#### Assignment:
Every entry below should be transcribed exactly; pictures stay out of the copy.

•••

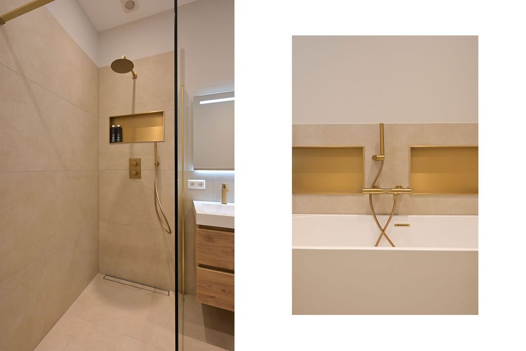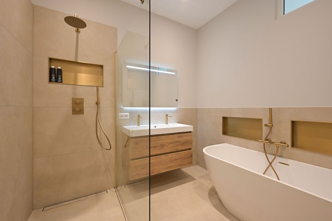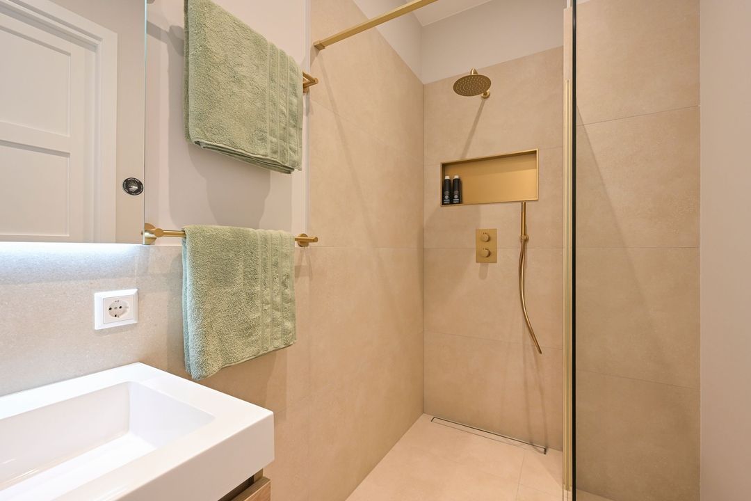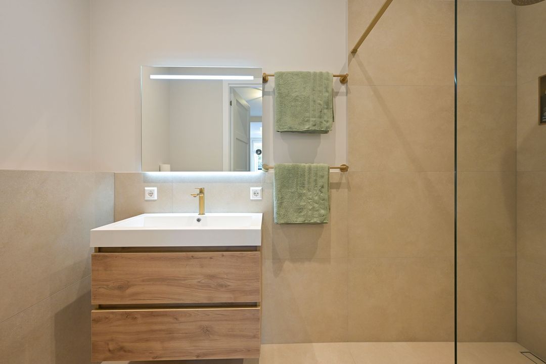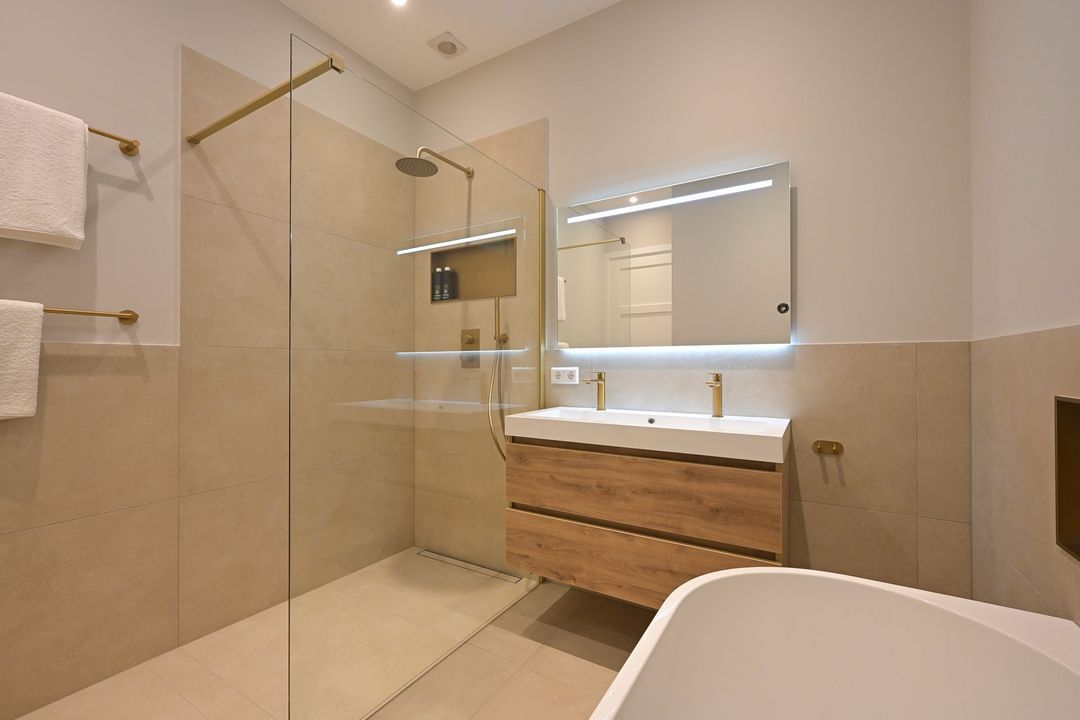 Aan de gang naast slaapkamer 1 bevindt zicht de grote moderne betegelde badkamer met ligbad, ruime inloopdouche, dubbel wastafelmeubel en vloerverwarming. Naast deze badkamer een seprate WC ruimte met wandcloset en fonteintje.
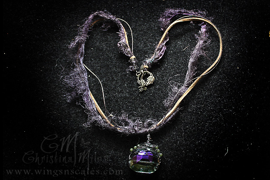 I actually made another necklace with this bead, but I didnt like how it was turning out. So I decided to do a little wire wrapping. My sister told me that she has seen lots of women wearing necklaces with just one little piece dangling, so this is my version of just one simple pendent. I like how it feels when wearing it too. Soft...LOL This is Sari silk which I bought from Divinity Fibers on Etsy.
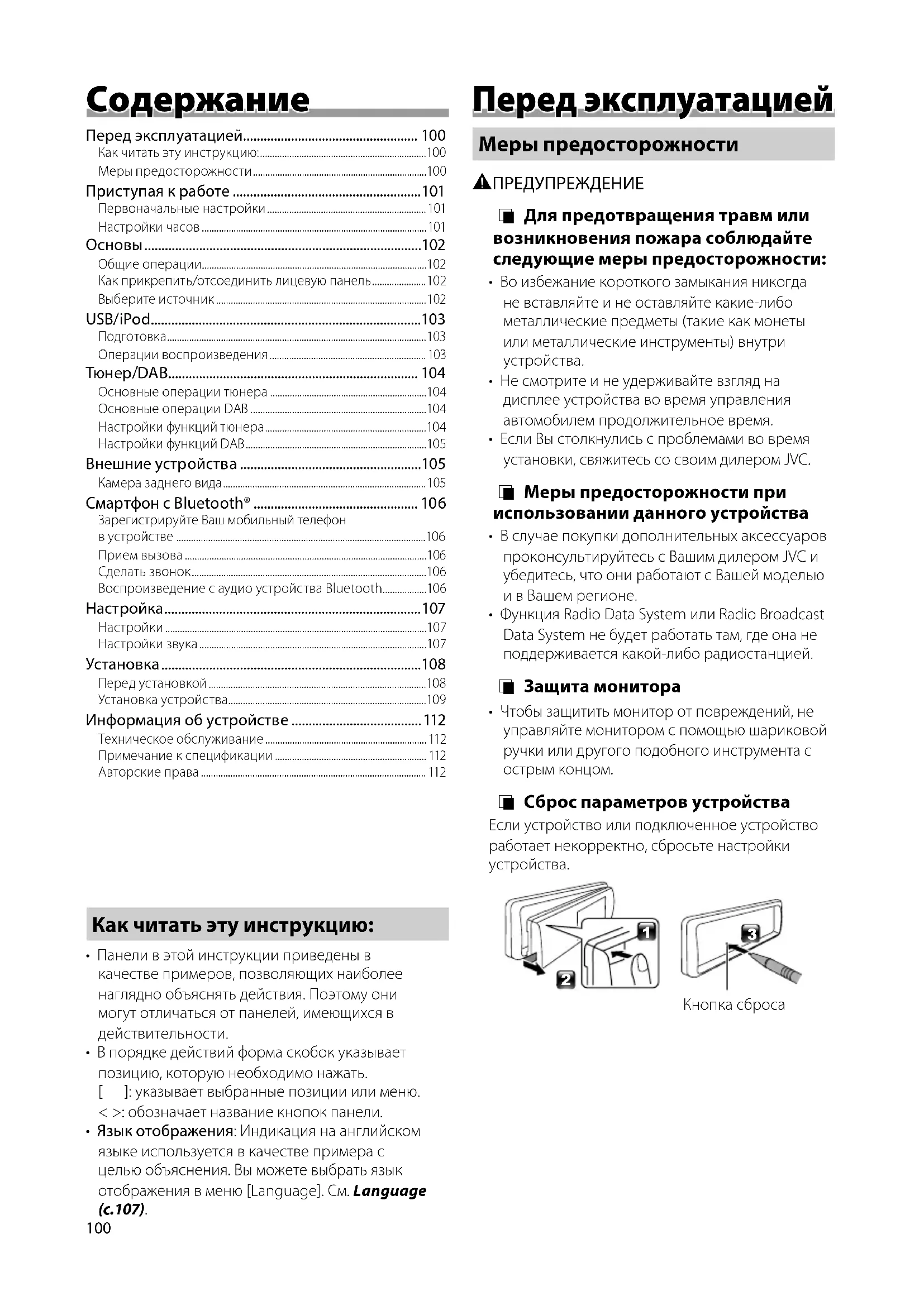 - Если Вы столкнулись с проблемами во время установки, свяжитесь со своим дилером JVC. Ñ Меры предосторожности при использовании данного устройства
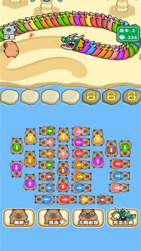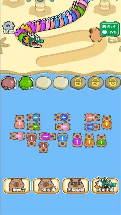 2. 道具助力,通关轻松:游戏支持多种辅助道具。能选无限射程道具,让大炮攻击更多地方;恶龙靠近可击退;还有水豚强选道具,能强制选大炮攻击恶龙;能刷新水豚大炮,快速找到合适的。这些道具让游戏更具策略性,通关变得轻松。
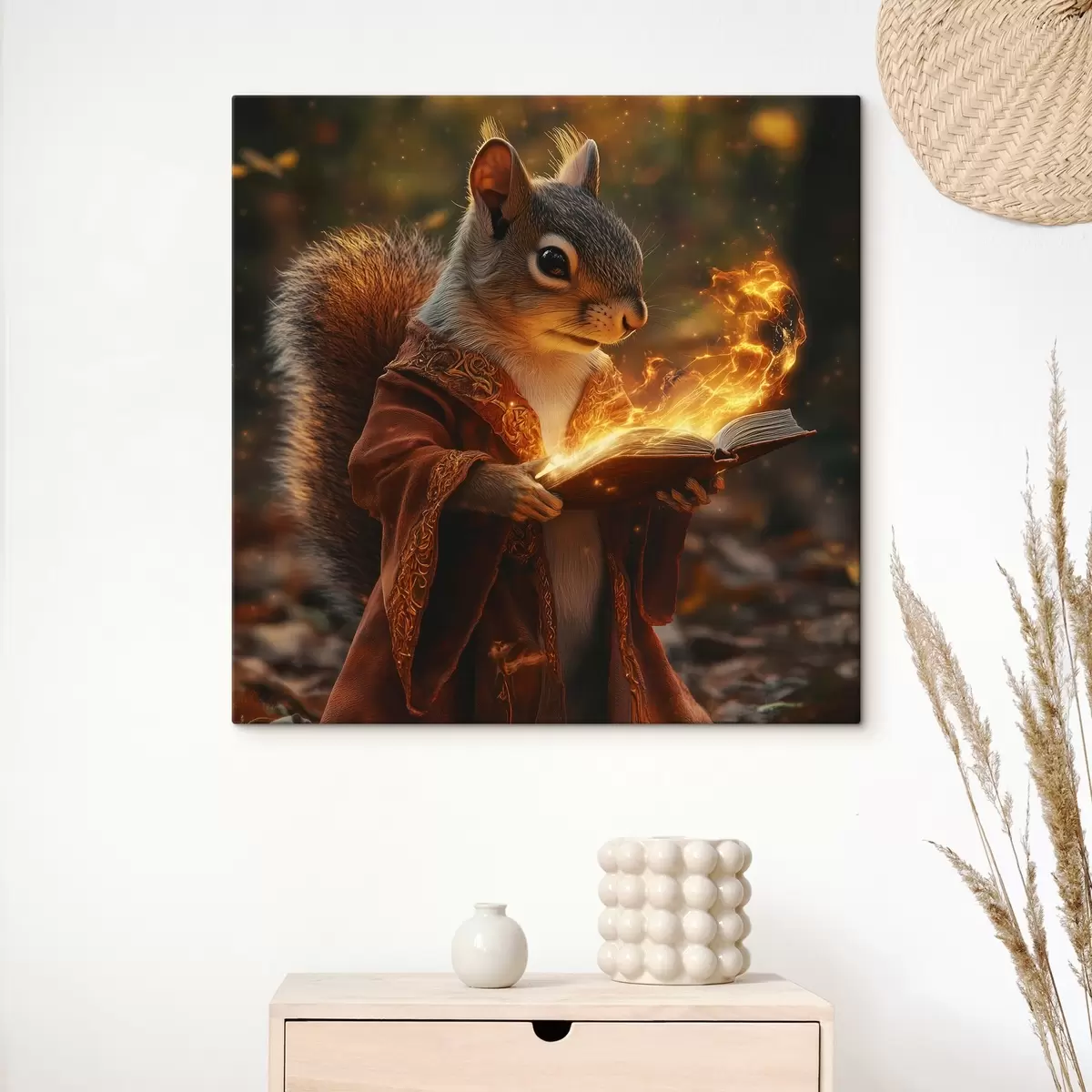 Vászonkép Egy misztikus mágus mókus varázslói köntösben, kezében egy mágikus kötetet tartva Nr s41983

•••

#### Answer section:
 Aan de gang naast slaapkamer 1 bevindt zicht de grote moderne betegelde badkamer met ligbad, ruime inloopdouche, dubbel wastafelmeubel en vloerverwarming. Naast deze badkamer een seprate WC ruimte met wandcloset en fonteintje.
 I actually made another necklace with this bead, but I didnt like how it was turning out. So I decided to do a little wire wrapping. My sister told me that she has seen lots of women wearing necklaces with just one little piece dangling, so this is my version of just one simple pendent. I like how it feels when wearing it too. Soft...LOL This is Sari silk which I bought from Divinity Fibers on Etsy.
 - Если Вы столкнулись с проблемами во время установки, свяжитесь со своим дилером JVC. Ñ Меры предосторожности при использовании данного устройства
 2. 道具助力,通关轻松:游戏支持多种辅助道具。能选无限射程道具,让大炮攻击更多地方;恶龙靠近可击退;还有水豚强选道具,能强制选大炮攻击恶龙;能刷新水豚大炮,快速找到合适的。这些道具让游戏更具策略性,通关变得轻松。
 Vászonkép Egy misztikus mágus mókus varázslói köntösben, kezében egy mágikus kötetet tartva Nr s41983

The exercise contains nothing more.